Directions:
Under this line is a listing; return exactly the lines starting at the one with "クロップドセーターだけで着るとこんな感じ。袖はかなりのドルマンスリーブ。" and running down to the one with "Competitors compete during", and leave out its pictures.

Source data:
┄┄┄┄┄┄┄┄┄┄┄┄┄┄┄┄┄┄┄┄

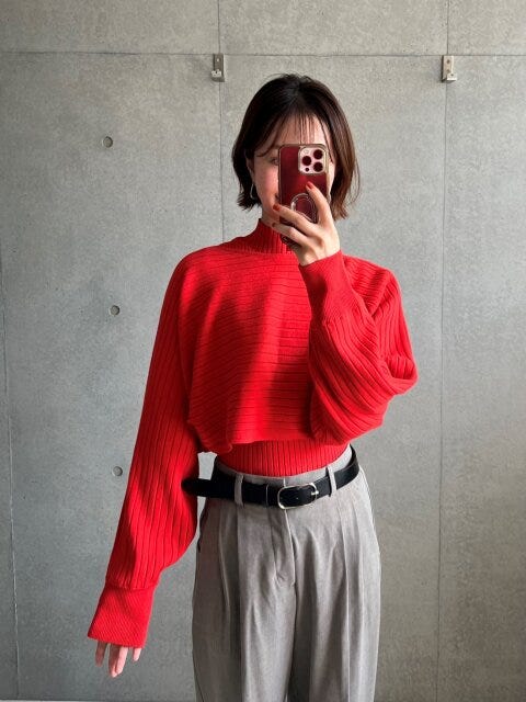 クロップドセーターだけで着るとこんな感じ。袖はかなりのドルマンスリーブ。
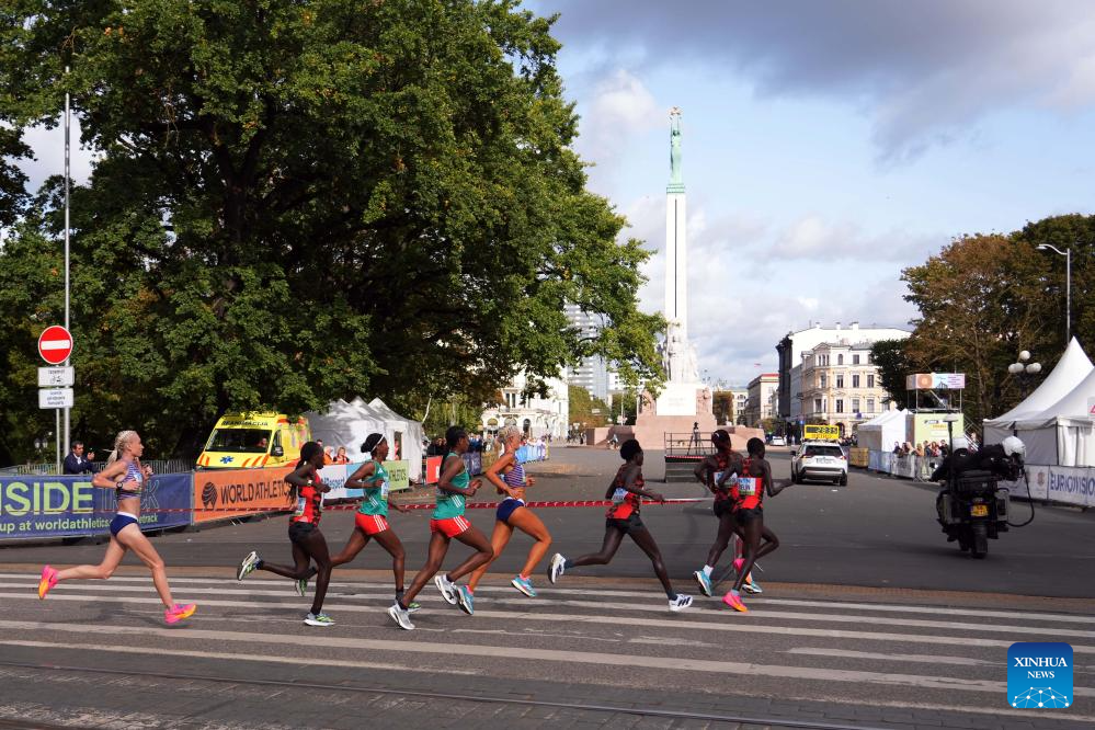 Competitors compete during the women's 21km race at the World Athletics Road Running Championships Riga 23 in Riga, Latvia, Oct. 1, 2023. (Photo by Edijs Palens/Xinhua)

┄┄┄┄┄┄┄┄┄┄┄┄┄┄┄┄┄┄┄┄

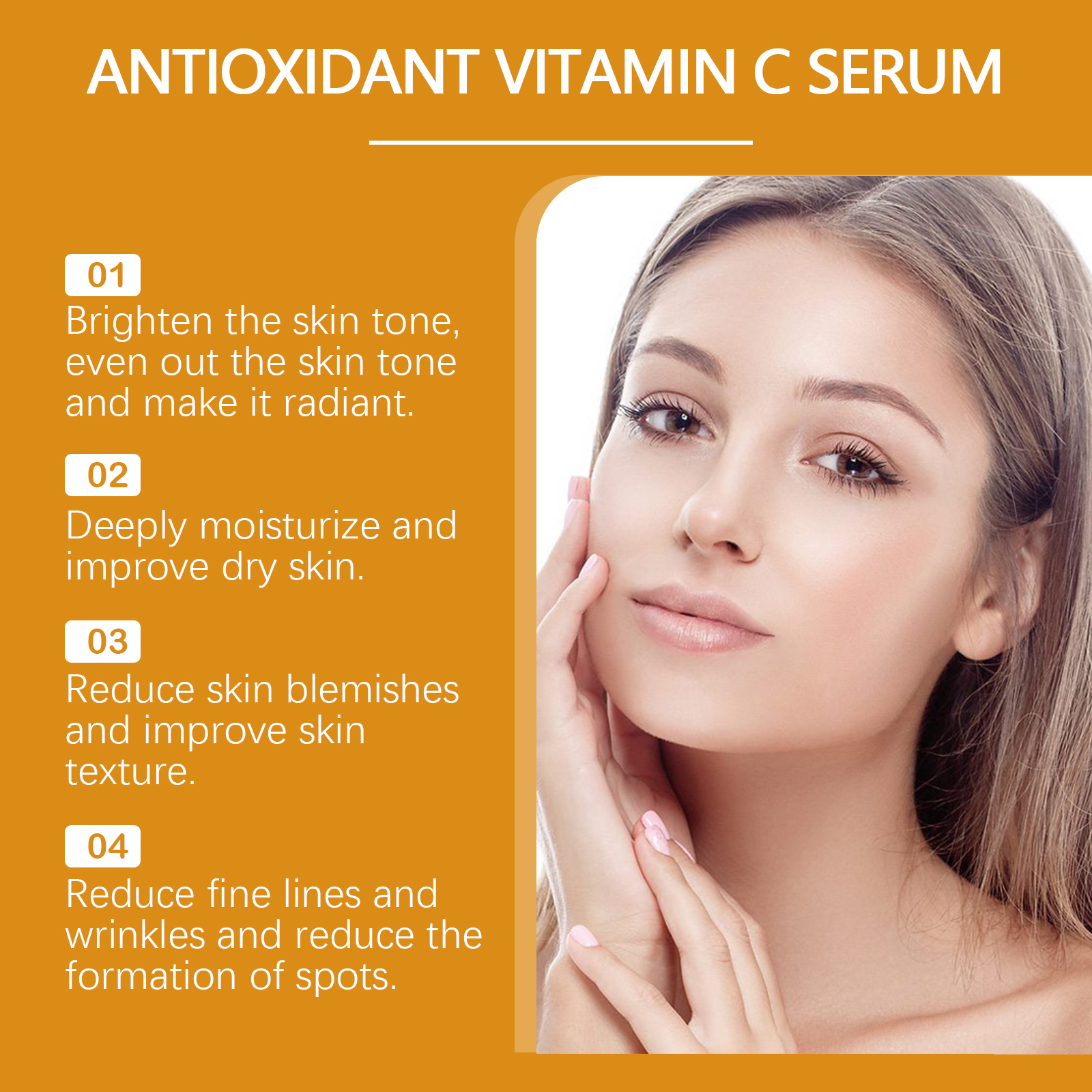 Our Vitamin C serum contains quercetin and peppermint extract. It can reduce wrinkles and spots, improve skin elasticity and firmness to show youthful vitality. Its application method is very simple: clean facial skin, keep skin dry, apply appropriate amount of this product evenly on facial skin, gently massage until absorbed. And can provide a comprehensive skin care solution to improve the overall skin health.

┄┄┄┄┄┄┄┄┄┄┄┄┄┄┄┄┄┄┄┄

Task response:
 クロップドセーターだけで着るとこんな感じ。袖はかなりのドルマンスリーブ。
 Competitors compete during the women's 21km race at the World Athletics Road Running Championships Riga 23 in Riga, Latvia, Oct. 1, 2023. (Photo by Edijs Palens/Xinhua)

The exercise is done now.